Dual-Luciferase Reporter Gene Assay
The E2F5 promoter construct was generated by amplifying the 2000 bp upstream region from the transcription start site of E2F5, based on the NCBI reference sequence (NC_000008.11:85,175,154–85177153, Homo sapiens chromosome 8, GRCh38.p13 Primary Assembly). The amplified sequence was cloned into the pGL3-Basic luciferase reporter vector using the NheI/HindIII restriction sites. Human 293T cells were seeded into 12-well plates and transfected with 1 μg of either the empty vector or pcDNA3.1-FOXN3, along with 1 μg of either the pGL3-basic plasmid or the pGL3-E2F5-promoter plasmid. Transfection was performed using Lipofectamine 3000 Reagent (Invitrogen, USA) in accordance with the manufacturer’s instructions. Forty-eight hours post-transfection, reporter gene assays were conducted using the Dual-Luciferase Reporter Gene Assay Kit (KeyGEN Bio TECH, China), following the manufacturer’s guidelines.
RNA-Sequencing
Total RNA was isolated using TRIzol reagent (Invitrogen, CA, USA) and reverse-transcribed to create the cDNA by SuperScript™ II Reverse Transcriptase (Invitrogen, cat. 1896649, USA) following the manufacturer’s protocol. The average insert size for the final cDNA library was 300 ± 50 bp. We performed the 2×150 bp paired-end sequencing (PE150) on an Illumina Novaseq™ 6000 following the vendor’s recommended protocol, and data analysis was performed by LC-Bio Technology Co., Ltd. (Hangzhou, China). Differentially expressed mRNAs were identified based on a fold change of >2 or <0.5, coupled with a p-value < 0.05. Subsequently, Gene Ontology (GO) enrichment and Kyoto Encyclopedia of Genes and Genomes (KEGG) enrichment analyses were conducted on the differentially expressed mRNAs.

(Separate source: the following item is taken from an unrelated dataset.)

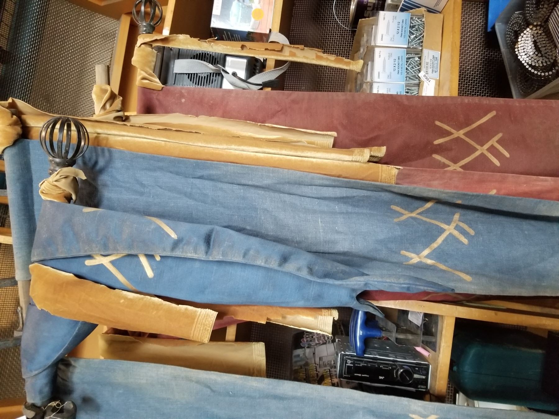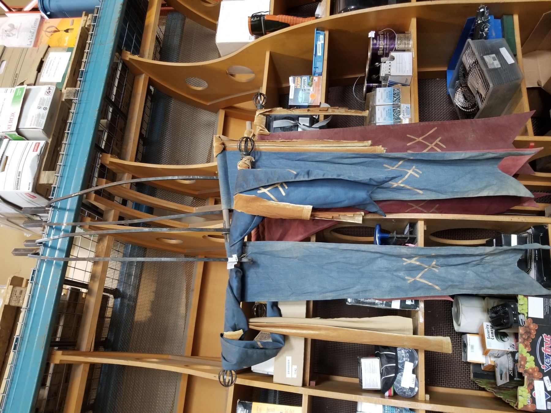 LOT OF PENDANTS AND BANNERS ON METAL STANDS FROM THE SET OF "MAGICIAN"
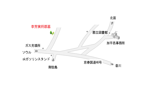 L李芳実将 (? ~ 1362 恭愍王 11 年 ) は高麗後期の武臣で、 忠穆 王 が元国にいた時代に王に仕えた功により、王が即位すると 中郞 将 になり、恭愍王 3 年 (1354) に大護軍となって 宣城 で民乱を起こした 達魯花赤 と 魯 連 祥 の親子 を押えた。恭愍王 8 年 (1359) に 僞平章 、 毛居敬 などの紅巾賊が 4 万の兵力を従えて 宜州 、 睛州 、 麟州 などを落とした後、 麟州 を 雄拠すると 安遇 、 利音 、イ・インウなどと共にでこれらを撃退した。紅巾賊撃退の功により推誠協輔功臣になった後 樞密院副使 に上がった。 1362 年 摠 兵官 鄭世雲 、金得 培 、 安遇 、 安遇慶 、崔 瑩 、李成桂などと共に開京を収復するなど大きな功を立てて 中書侍郞平章事 に上がったが 金 鏞 、 朴椿 の謀略によって 安遇 や 金得 培 などと共に殺害された。 封墳の周りには護石がかけられ上石が置かれており、その前に香石が置かれて両方には文官石を置き、その前に望柱石を列べた。封墳に向かって右には 1978 年に哲学博士イ・ウルホが褒め称えて、キム・チャンドンが書いた『高麗元帥忠烈公李芳実之墓』神道碑が立てられている。

GO Enrichment Analyses and KEGG Pathway Analysis
GO enrichment analyses for FOXN3 were conducted, along with Gene Set Enrichment Analysis (GSEA), to identify associated phenotypes and signaling pathways. The analyses utilized Hallmark v7.2, GO c5 v7.2, and KEGG c2 v7.2 gene sets to identify relevant mechanistic pathways. These analyses were performed using the clusterProfiler R package (version 3.14.3; https://bioconductor.org/packages/release/bioc/html/clusterProfiler.html). To ensure robustness, only terms with a P-value< 0.05 were deemed significant in the pathway enrichment analysis. Additionally, the fold change cut-off criterion was set to |log2FoldChange| ≥ 1 to enhance the identification of differentially expressed genes.
Statistical Analysis
Statistical analyses were performed using GraphPad Prism 7.0a software, with all data expressed as mean ± standard deviation (SD). Differences between groups were evaluated using the Mann–Whitney test for two-group comparisons or one-way analysis of variance (ANOVA), followed by Tukey’s post hoc test for multiple group comparisons. For cell proliferation assays, a two-way ANOVA followed by Bonferroni’s post hoc test was applied to compare data across multiple time points. A P-value of less than 0.05 was considered statistically significant. Significance levels are denoted as *P < 0.05,** P < 0.01, *** P < 0.001, and **** P < 0.0001.
Results
Identification of E2F5 as the Transcriptional Target Gene of FOXN3
The analysis revealed a total of 205,115 FOXN3 binding peaks in THP1 cells, distributed as follows: 2.49% in promoters, 1.47% in exons, 33.09% in introns, and 11.09% in regions upstream of promoters (region 2 kilobases (kb) upstream of the transcription start site) (Figure 1A). In Kasumi1 cells, FOXN3 binding peaks were distributed as follows: 3.46% in promoters, 1.79% in exons, 30.34% in introns, and 11.93% in upstream regions (Figure 1A). Furthermore, by mapping each binding peak to the nearest gene within 5 kb upstream and 5 kb downstream of the transcription start site, 5719 potential FOXN3 target genes (including both protein-coding and non-coding genes) were identified. The genomic occupancy profile of FOXN3 binding sites showed a strong enrichment around transcription start sites (TSS) (Figure 1B), highlighting the potential role of FOXN3 in transcriptional regulation.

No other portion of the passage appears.